An online-learning neuroevolution system that evolves neural network topologies using NEAT-style genetic algorithms while training connection weights via per-example stochastic gradient descent. 14 experiments, from 78% to 96% MNIST accuracy, all designed and run by Claude Code.
Read the full write-up — how the research worked, what we found, and why a lab notebook is all you need for LLM-driven research.
- 95.87% MNIST accuracy with 2,943 connections (11.4% of a dense equivalent)
- 14 experiments autonomously designed, run, and analyzed by Claude Code
- The notebook method: a
journal.md+experiments.mdis enough to maintain research coherence across LLM sessions — no vector databases, no RAG, no special memory systems - Architecture >> hyperparameters: one structural change (+18pp) outweighed 12 experiments of tuning (+8pp combined)
# Place MNIST train-images-idx3-ubyte and train-labels-idx1-ubyte in data/
cargo run --releaseGenome (source of truth)
├── NodeGenes: id, kind (Input/Output/Hidden/Bias), activation (ReLU/Sigmoid/Tanh/Identity)
└── ConnectionGenes: innovation number, from_node, to_node, weight, enabled
↓ compile (topological sort)
Network (disposable phenotype)
├── Forward pass: weighted sums through DAG, softmax on outputs
└── Backward pass: cross-entropy loss, reverse topo order backprop, SGD weight update
↓ after training
write_weights_to_genome() → crossover/mutation → new Genome → new Network
Networks start with a seeded hidden layer (784→32→10, sparse input→hidden connections with ReLU) and evolve from there.
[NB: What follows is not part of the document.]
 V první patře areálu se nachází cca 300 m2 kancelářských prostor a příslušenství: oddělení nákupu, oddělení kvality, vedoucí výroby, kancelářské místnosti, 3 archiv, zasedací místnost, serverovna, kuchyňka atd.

Evolution adds connections, removes connections, splits connections through new hidden nodes, and changes activation functions. SGD trains the weights. The population is culled and bred every 10,000 training steps.
src/
main.rs Entry point, training loop
config.rs All hyperparameters
genome/ Genetic representation
genome.rs Genome struct, seeded topology constructor
mutation.rs 6 mutation operators (add/remove connection, add node, etc.)
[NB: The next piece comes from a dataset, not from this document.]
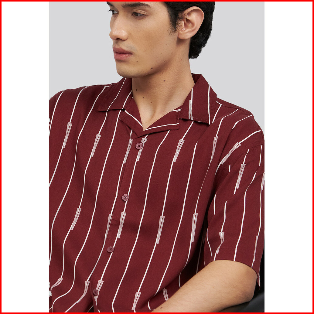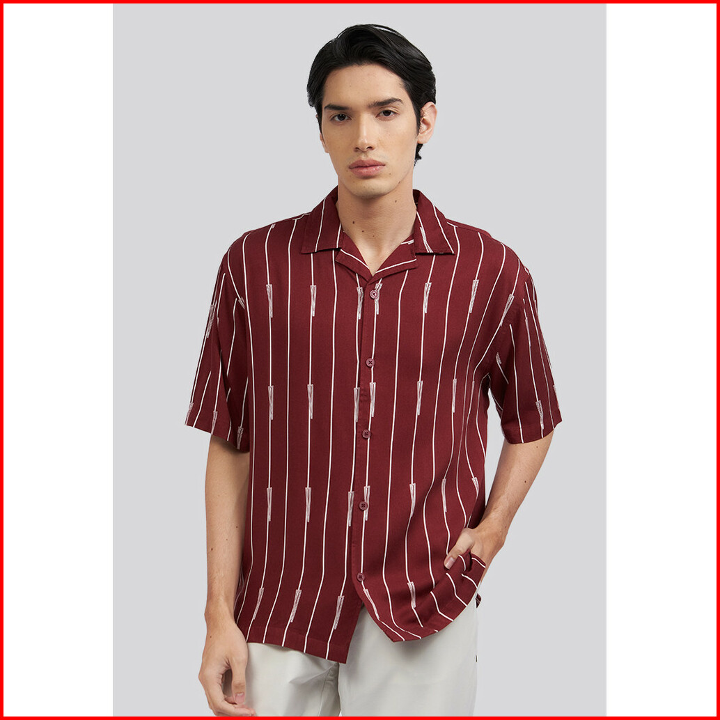 Executive Short Sleeve Stripes Resort Shirt Rust

crossover.rs NEAT-style crossover
innovation.rs Global innovation tracker
network/ Compiled phenotype
phenotype.rs Topological sort, connection compilation
forward.rs Forward pass with softmax
backward.rs Backprop + SGD
population/ Evolutionary dynamics
population.rs Population management, evolve()
selection.rs Tournament selection, culling
niche.rs Ecological niches (data distribution speciation)
data/ MNIST loading, ratio-based data streaming
fitness/ Rolling window accuracy with half-cosine weighting
notes/ Research journal and experiment logs
docs/ GitHub Pages site
rand 0.9— random number generationrayon 1.10— parallel trainingbyteorder 1.5— MNIST IDX binary format parsing
Everything else built from scratch. No tensor libraries — arbitrary DAG topologies don't map to regular matrix operations.